Most posts about CE seem to be old, but I held out hope and followed the instructions. I was informed the group was not public, and further inquiries resulted in messages like "you do not have permission to access this page. This could be due to one of several reasons:

Your user account may not have sufficient privileges to access this page. Are you trying to edit someone else's post, access administrative features or some other privileged system?
If you are trying to post, the administrator may have disabled your account, or it may be awaiting activation."

As my account appears to be active, I am guessing CE is closed to further membership or closed.


----------



## Stuart Sweet (Jun 19, 2006)

You may want to check your group memberships. According to this thread: http://www.dbstalk.com/showthread.php?t=159408 you need to be a member of the Cutting Edge group. You are not currently a member of that group.

If you read and understand the rules, we'd love for you to join.


----------



## chroma601 (Jun 7, 2010)

That's the problem - I read the rules and then tried to follow the opt-in procedure, but a "group is not public" message came up.

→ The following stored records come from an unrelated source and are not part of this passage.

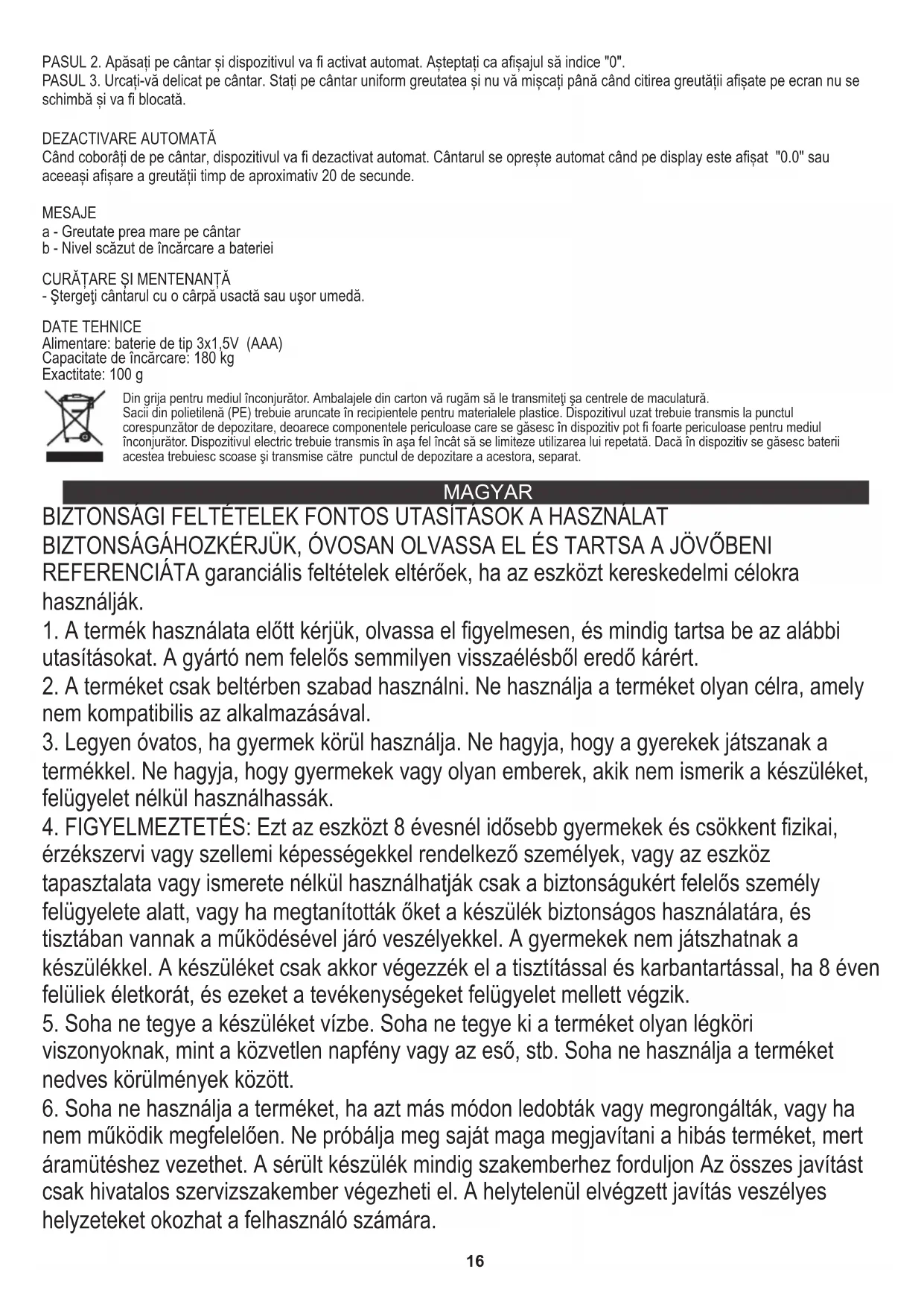 Teherbírás: 180 kg Táplálás: az elem típusa 3x1,5V (AAA) Pontosság: 100 g A környezet védelme érdekében kérjük külön karton dobozok és műanyag zsákokat és dobja őket a megfelelő hulladék közé. Használt készüléket kell eljuttatni a kijelölt gyűjtőhelyekre miatt veszélyes elemek alkatrészeket, amelyek hatással lehetnek a környezetre. Ne dobja a készüléket a közös szemétkosárba.18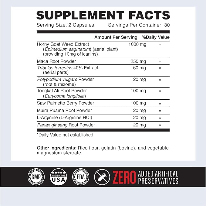 - Special Ingredients : Tribulus Terrestris, Horny Goat Weed, Maca Root Powder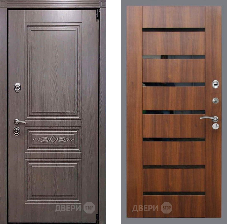Входная Дверь Рекс (REX) Премиум-S СБ-14 стекло черное Орех бренди 860x2050 мм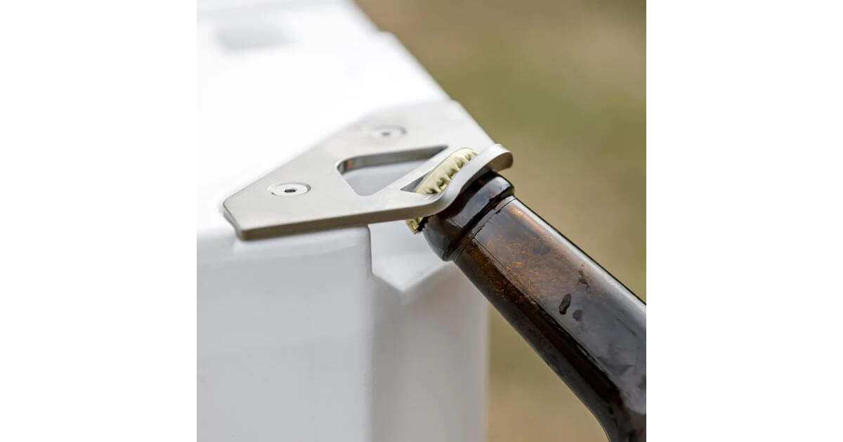 Die Petromax Kühlbox sicher verschließen und Getränkeflaschen bequem öffnen: Die Schlossplatte mit integriertem Flaschenöffner bietet dir bei deinen Draußen-Abenteuern eine praktische Doppelfunktion. Das Zubehörteil aus Edelstahl passt genau an die Position der unteren Verschlussplatte deiner Petromax Kühlbox und wird einfach gegen diese ausgetauscht. So verschließt du weiterhin deinen Proviant sicher vor fremdem Zugriff und kannst gleichzeitig Getränkeflaschen mit handelsüblichem Kronkorkenverschluss öffnen. Die Schlossplatte mit Flaschenöffner ist universell und daher für alle Petromax Kühlboxen geeignet.

As a retired video engineer I thought I might be useful...


----------



## chroma601 (Jun 7, 2010)

Waiting a bit - is the group closed to new members? I have been unable to join.


----------



## Chris Blount (Jun 22, 2001)

chroma601 said:


> Waiting a bit - is the group closed to new members? I have been unable to join.


 You are in now.


----------



## dpeters11 (May 30, 2007)

Nope, not closed. A mod may be able to help more than me, but my main suggestion would be to try from a desktop or laptop. Something may not be quite right on a mobile browser to enroll.

And there we go


----------